Linear Regression Notes
1, find the objective/loss/penalty function in accordance with a given scenario
In linear regression, our goal is to predict a target value y given a vector of input values, say x. Suppose we have a function f which satisfies f(x) = y, or f(x) is very close to y.Naturally, the difference between f(x) and y should be very close to 0. With that said, our goal is to minimize
f(x) - y
Most of the time, we have a lot of x's(training set); and we can denote these as x1,x2,...,xn. Accordingly, we have y1, y2,all the way to yn. And we can rewrite our goal as
(f(x1) - y1) + (f(x2) - y2) + ... + (f(xn) - yn)
Mathematically, the difference between f(xi) and yi can either be negative or positive. With that said, if we add all these difference values together, they may cancel each other. Plus, the above function cannot be differentiated well to find the local minimum/maximum point so as to figure out parameters. To make things easier, people use the square form to replace the above function and rewrite it as
((f(x1) - y1)^2 + (f(x2) - y2)^2 + ...+ (f(xn) - yn)^2)

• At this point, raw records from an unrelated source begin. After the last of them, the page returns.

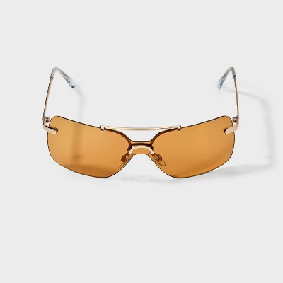 Rimless Metal Wrap Aviator Sunglasses - Wild Fable™ Gold Brown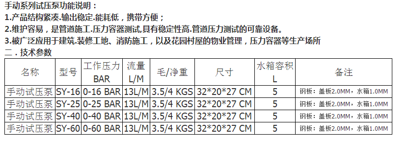 SY-16,SY-25,SY-40,SY-60,手动测压泵25kg至60kg全铜泵体铜活塞持久更耐用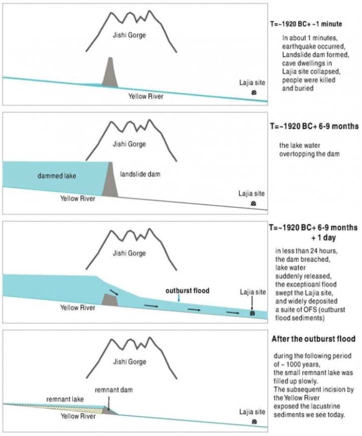 Các nhà địa chất cho biết đá trầm tích cho thấy đã có một trận lụt lớn xảy ra vào khoảng năm 1920-1900 trước Công nguyên - một giai đoạn trùng với thời điểm quan trọng trong lịch sử Trung Quốc. Đây là thời kỳ đồ đồng và văn hóa Earlitow mà nhiều nhà khảo cổ liên kết với triều đại nhà Hạ bắt đầu.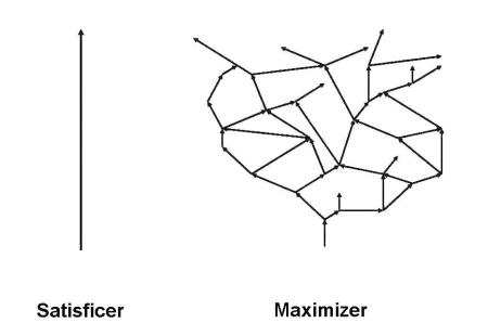 Psychologen unterscheiden zwischen „Maximizers“, die selbst bei kleinsten Entscheidungen, sich nur schwer zu einem Entschluß durchringen können, auf der einen und „Satisficers“, die unmittelbar zu einer Entscheidung finden, auf der anderen Seite.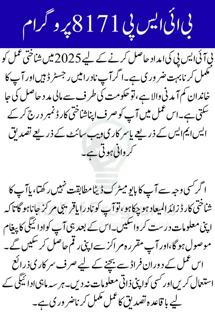 If you successfully complete the BISP 8171 Payment Verification, you’ll receive a confirmation message or status update. This allows you to collect your quarterly stipend—usually Rs. 13,500—from a designated payment center or bank agent.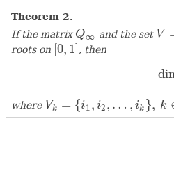 If the matrix $Q_{\infty }$ and the set $V=\{i_{1},i_{2},\dots ,i_{k},i_{k+1},\dots \hspace{0.1667em}\}$ are such that equation $\sum _{i\in V}{q_{i}^{x}}=1$ has no roots on $[0,1]$, then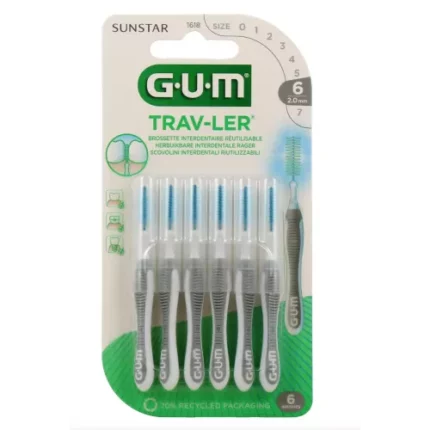 GUM Trav-ler Brossettes interdentaires 2.0 mm Gris 6 Brossettes TND 16,000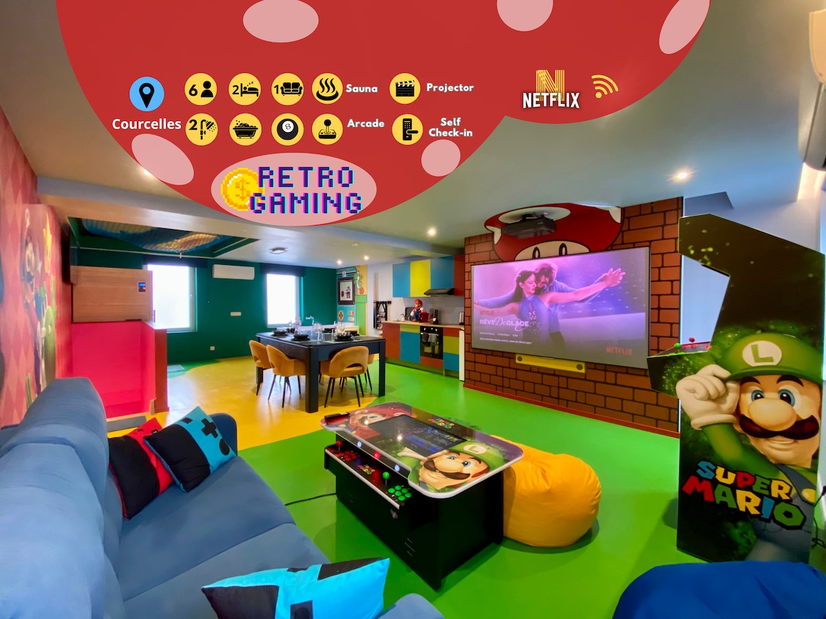 🎮 Welcome to the Retro Gaming Room ! Have an unforgettable stay for one night🍄 UP TO 6 GUESTS • 2 queen bedrooms + sofa bed • Sauna & hot tub for total relaxation • Pool table, Nintendo Switch & over 100 free arcade games • Hanging nets to chill like a true gamer • Cinema projector for epic movie nights 🍿 • Mario-inspired décor – total immersion guaranteed! • Free street parking & self check-in → Fun, comfort & nostalgia guaranteed… Ready to press Start? 🎮✨

2, try to minimize the objective/loss/penalty function to figure out parameters
Derivative tells us that if a function reaches its minimum or maximum point, its first order derivative value at that point should be 0. The same rule applies to partial derivatives. We can use this to minimize the loss function, and figure out related parameters. But if we have thousands of parameters in function f, it's not that convenient for us to do so. Aha! Gradient descent comes to rescue! Mathematically, the gradient direction is the steepest direction of a function, and if we decrease the function towards the gradient direction, we can reach the said minimum point. This can be drawn from the definition of derivative.
3, test the final function to overcome both under-fitting and over-fitting and try to make the algorithm more general
Our parameters are to be figured out using the above mentioned techniques on the training set. The training set may be sampled noisily. And this may impact our parameters. As a result, our model may fit the training set well, but cannot fit unseen data. To avoid this, we have to split our data into training set and test set, and use penalty term in our function to avoid overfitting and things alike.